The other day someone mentioned to me that they love soup but find that most recipes are a bit of a tedious process. Have you ever looked up a recipe for a soup you are craving only to find that you need to braise the meat, pull out the food processor, etc.? Yesterday when I was at the grocery store I gave myself a challenge to make up a very simple, healthy, and vegetarian soup. I am not vegetarian but many of my readers are. I also am aware that I eat more meat than I need to and have been working on adding more veggies to my diet.
I have mentioned before that I love soup because you can make one giant batch and keep the rest in the freezer and reheat it as you wish. Double this recipe and you will have enough to feed an army! It is also easy enough to make after work or prepare it on a Sunday and store in the freezer. It will be ready for you on those busy nights when you don’t have time to cook and help steer you away from making bad decisions!
I also love soup because you can make it once according to the directions and then each time after you can change it up to suit your tastes or particular mood. In fact, as I made this recipe I decided that I wanted to make some changes. The last few weeks I have been averaging between 60 and 75 miles and I wanted to add some extra protein but keep it meat free. So I cooked up some quinoa and then added it to the soup as it simmered. If you have some quinoa around I recommend making a cup of dry quinoa with 2 cups water and when prepared add to the soup as it simmers.
1 onion (chopped)
1 green pepper (chopped)
1 red pepper (chopped)
2 cans black beans drained
2 cans kidney beans drained
2 cans diced tomatoes with green chiles
Seasonings: chili powder, cumin, garlic salt, oregano…any others that suit your taste
Add diced vegetables to a large pot over medium high heat and cook until tender (about 5 minutes). Note that I chose not to add any oil to this. You certainly could but it wasn’t necessary so I just opted to omit it. As the vegetables cook add some seasoning to the pot. I added chili powder, cumin, oregano and garlic salt. The garlic salt was the only salt I chose to add as canned beans are pretty heavy on the sodium.

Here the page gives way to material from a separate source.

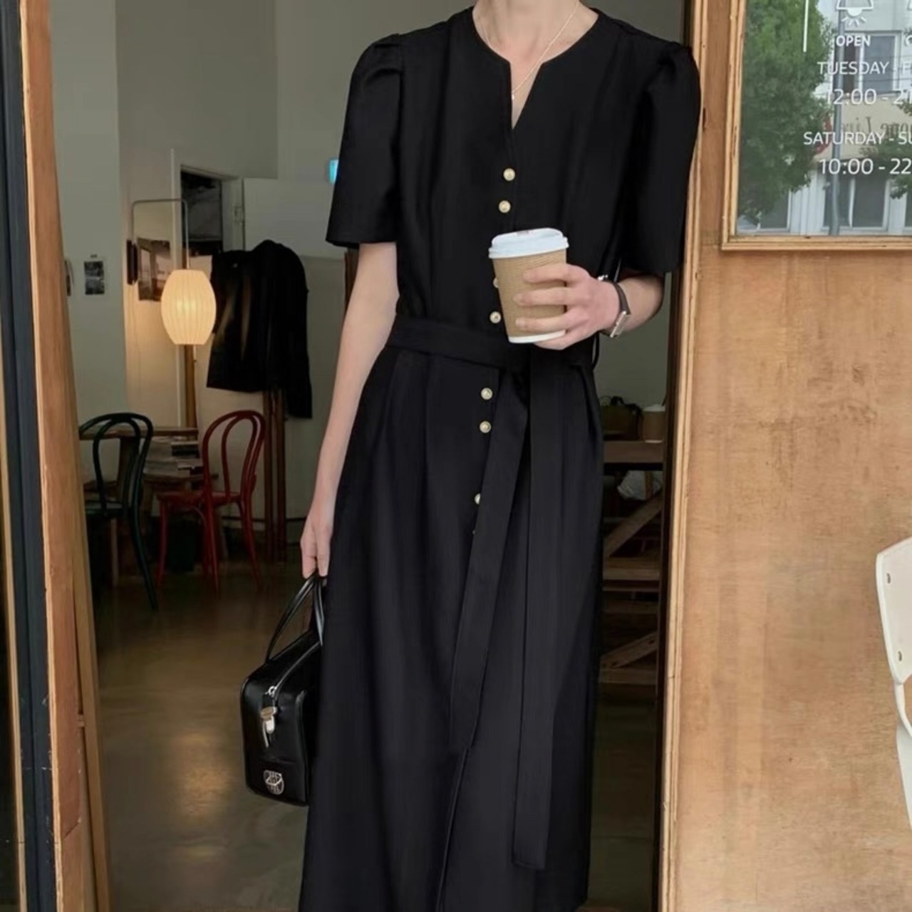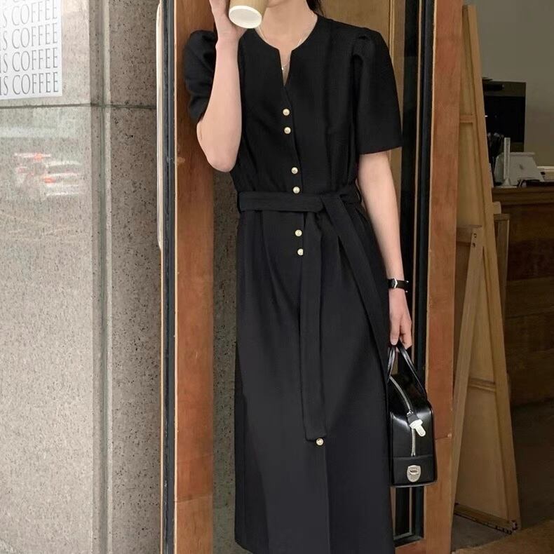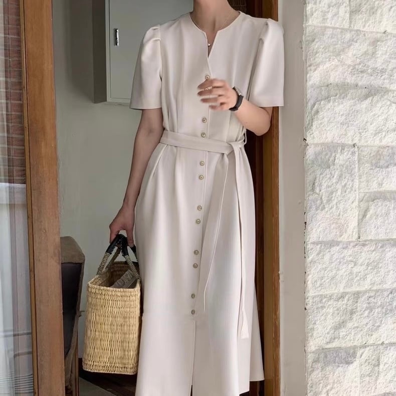 【dress】フロントボタンベルトワンピース2色 OR0181

Once vegetables are tender pour all of the cans into the pot and allow the soup to simmer. Give it a good stir and a little taste. Add more chili powder or other seasonings if needed. If you like your soup to have a bit more “soup” consistency to it you can add some vegetable broth. If you are adding quinoa to the recipe now is the time to add it to the soup and give it a good stir. Cover it up for about an hour. If you are pressed for time you can serve after 20 minutes of simmering.
This recipe is about as simple and fast as you can get. It is a great meat free option. This is also very low in fat, super high in fiber, and packed full of vitamins. You can eat this without any guilt! I would add a dollop of fat free plain Greek yogurt and some shredded cheese, but it really isn’t necessary.
I am looking forward to having this for lunch today as I watch the rain come pouring down and hopefully melt away the piles of snow. Happy running!